春闘相場の形成に強い影響力を持つトヨタ自動車は22日、2017年春闘の第1回労使交渉を愛知県豊田市の本社で行った。ベースアップ(ベア)に相当する賃金改善分を月額3000円、年間一時金(ボーナス)を6.3カ月分とする労働組合側の要求に対し、経営側は「(賃金水準を)引き上げるべき要素は見当たらない」と難色を示し、労使の認識に大きな隔たりを残した。
労使協議では冒頭、トヨタ自動車労働組合の鶴岡光行執行委員長が「会社の競争力の源泉は人だ」と述べ、賃上げの必要性を訴えた。これに対しトヨタの豊田章男社長は「取り巻く経営環境はかつてないほど不透明だ」と強調し、組合側の要求に慎重な姿勢を示した。

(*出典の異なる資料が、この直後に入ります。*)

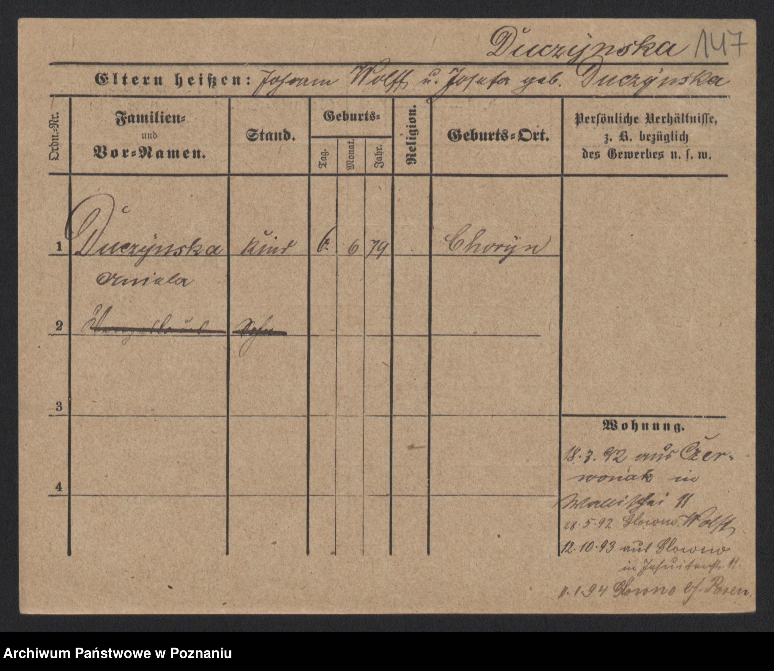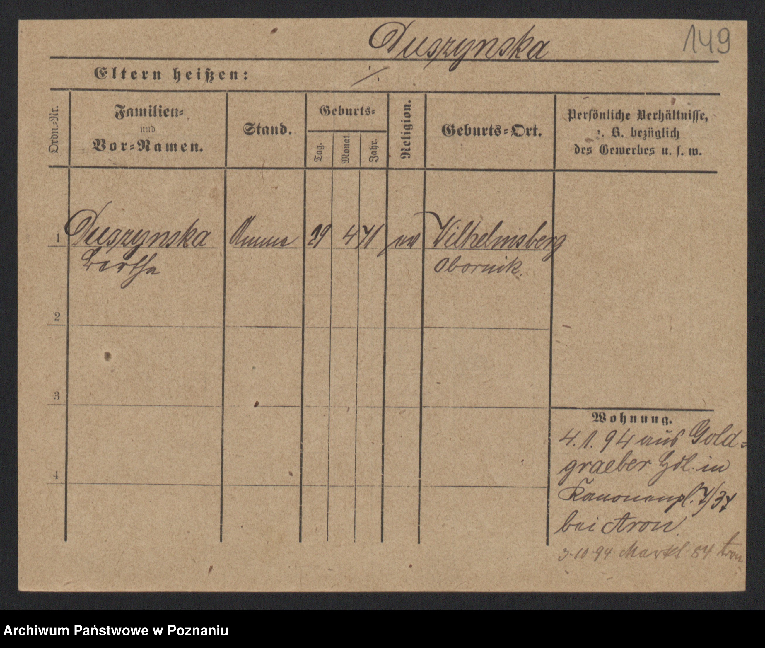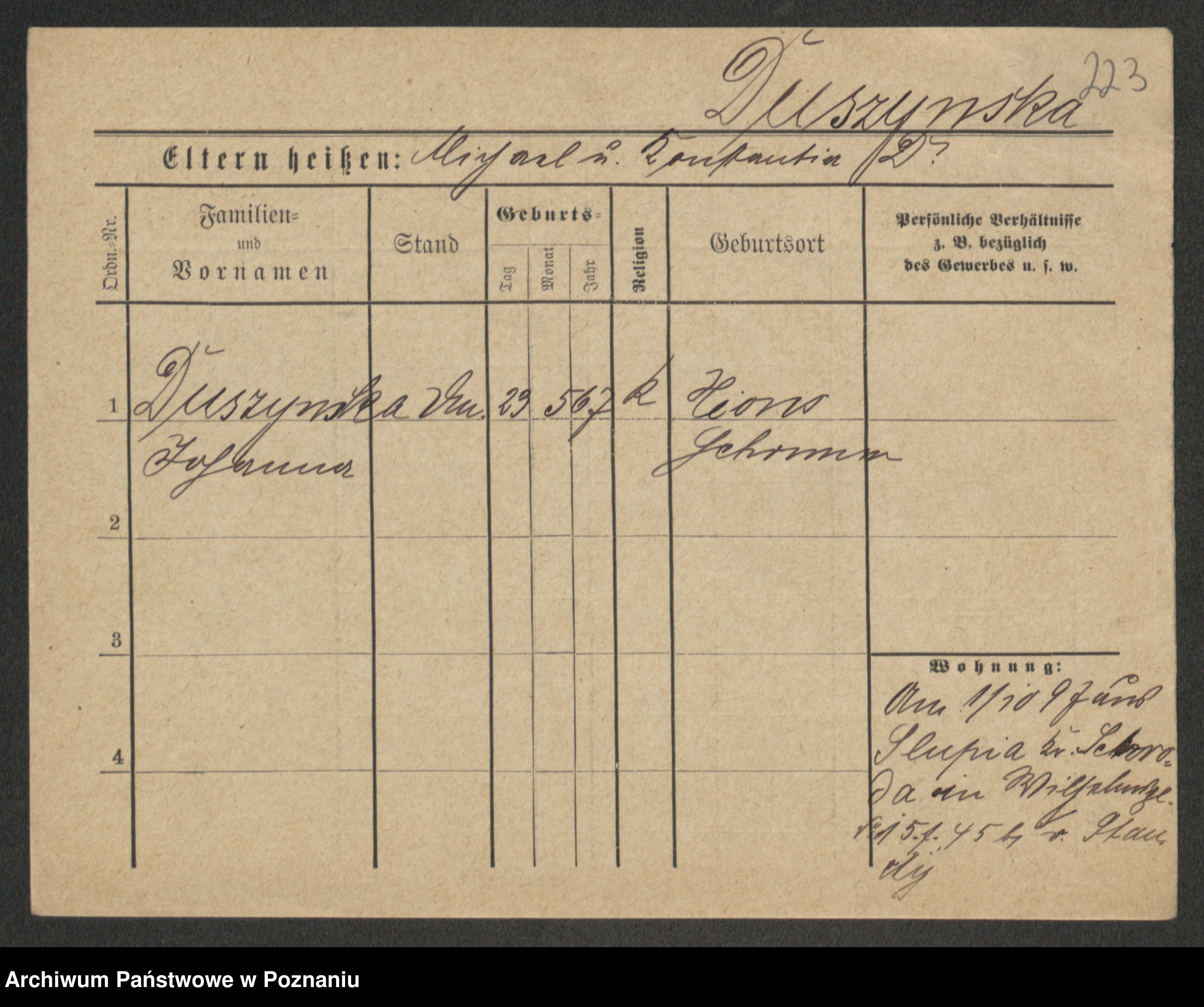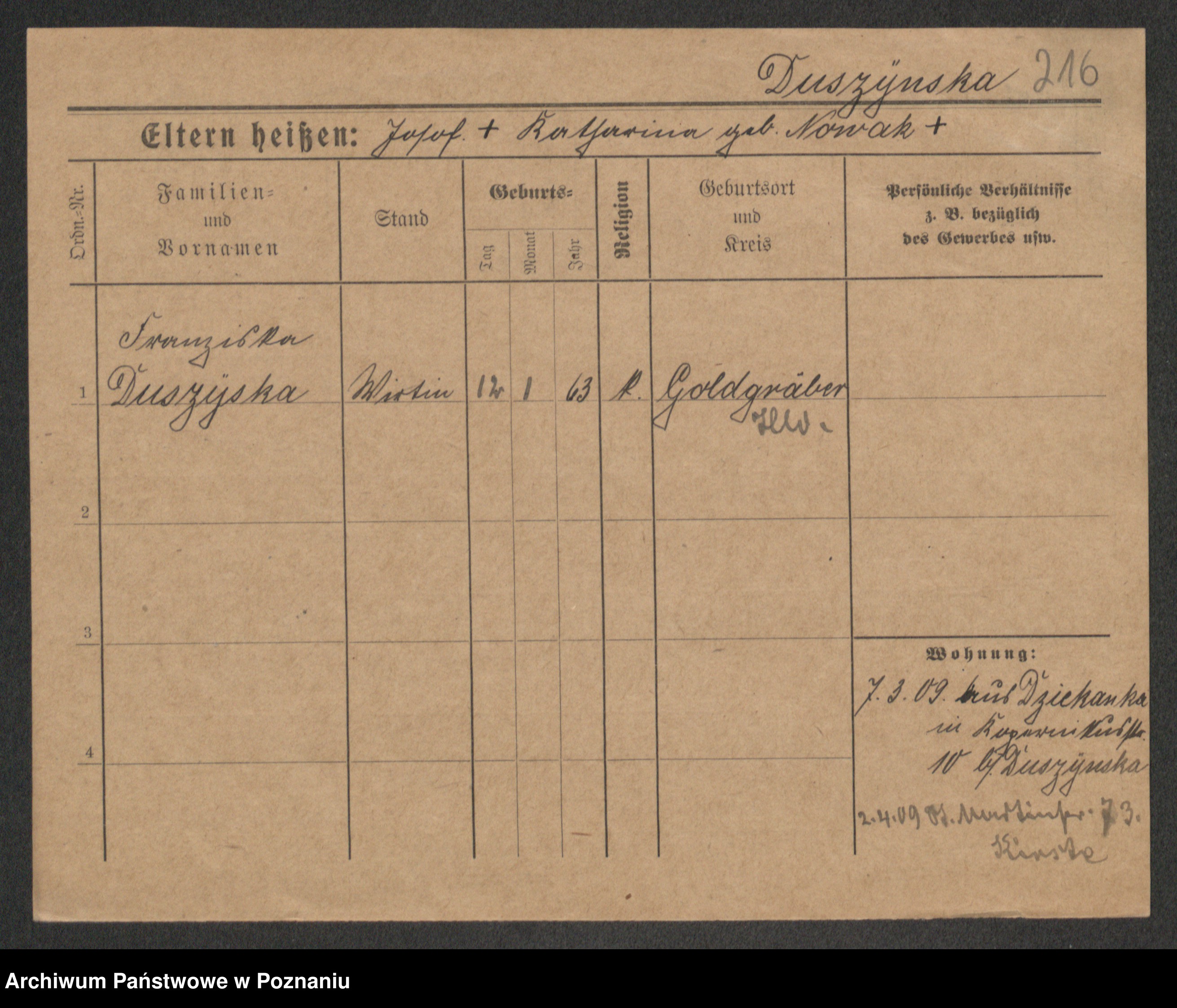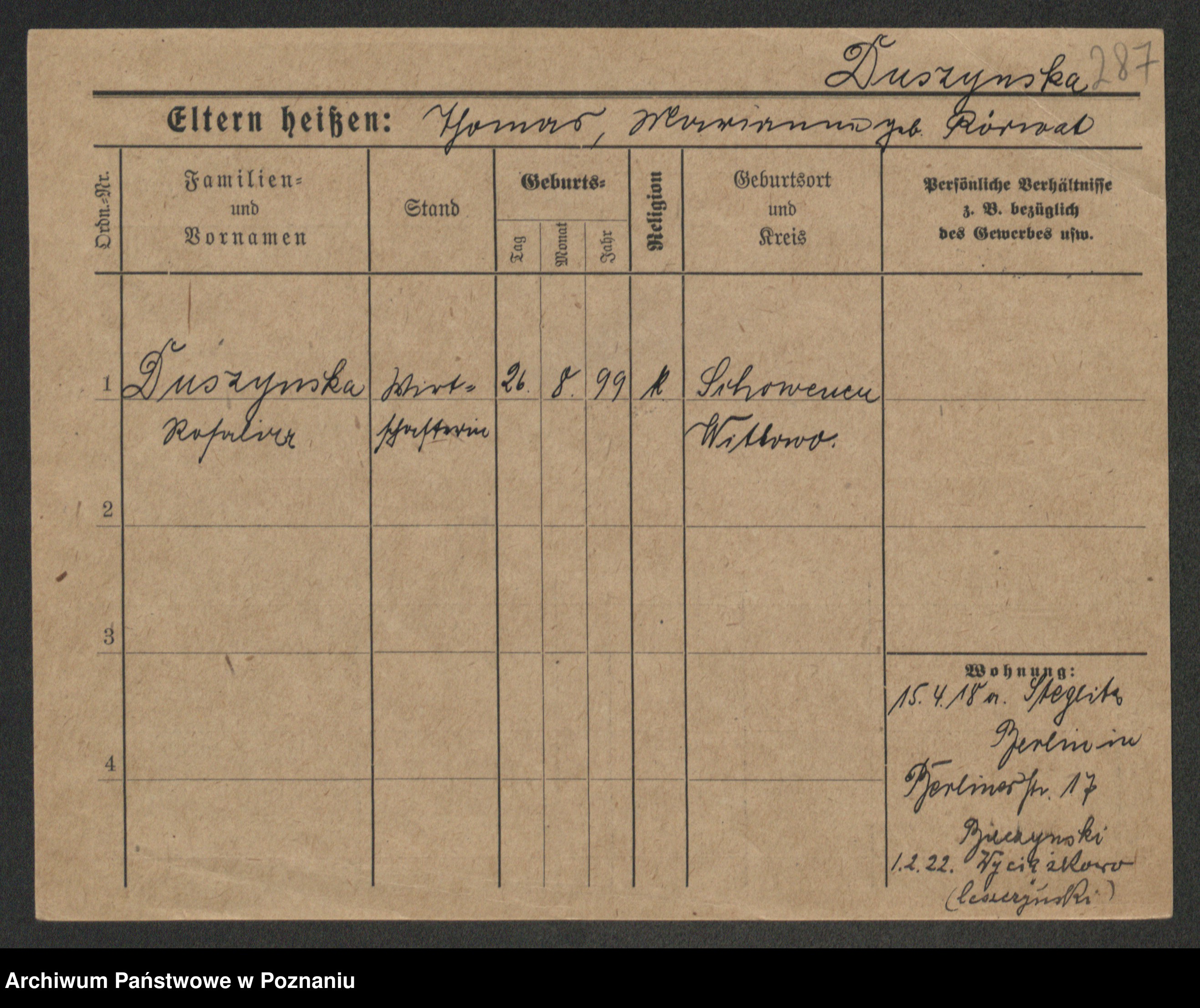 Duszyński zd. Mentzel, Wilhelmine

トヨタグループの労組でつくる全トヨタ労働組合連合会の平野康祐副事務局長は交渉後、豊田市内で会見し「労使間にベアと一時金をめぐり大きな認識の隔たりがあった」と述べた。
トヨタの経営側が、ベアに慎重姿勢なのは、足元も先行きも取り巻く環境に変動要因が大きいとみているためだ。トヨタの17年3月期連結決算は円高に揺さぶられ減収減益予想となった。さらに自動運転など次世代技術をめぐる開発競争の激化で投資負担が膨らむ上、世界経済の先行きもトランプ米政権の発足で見通しにくくなっている。豊田社長は労使協議で「従来の延長線上で、今後起こりうることを想定することが難しくなっている」と述べた。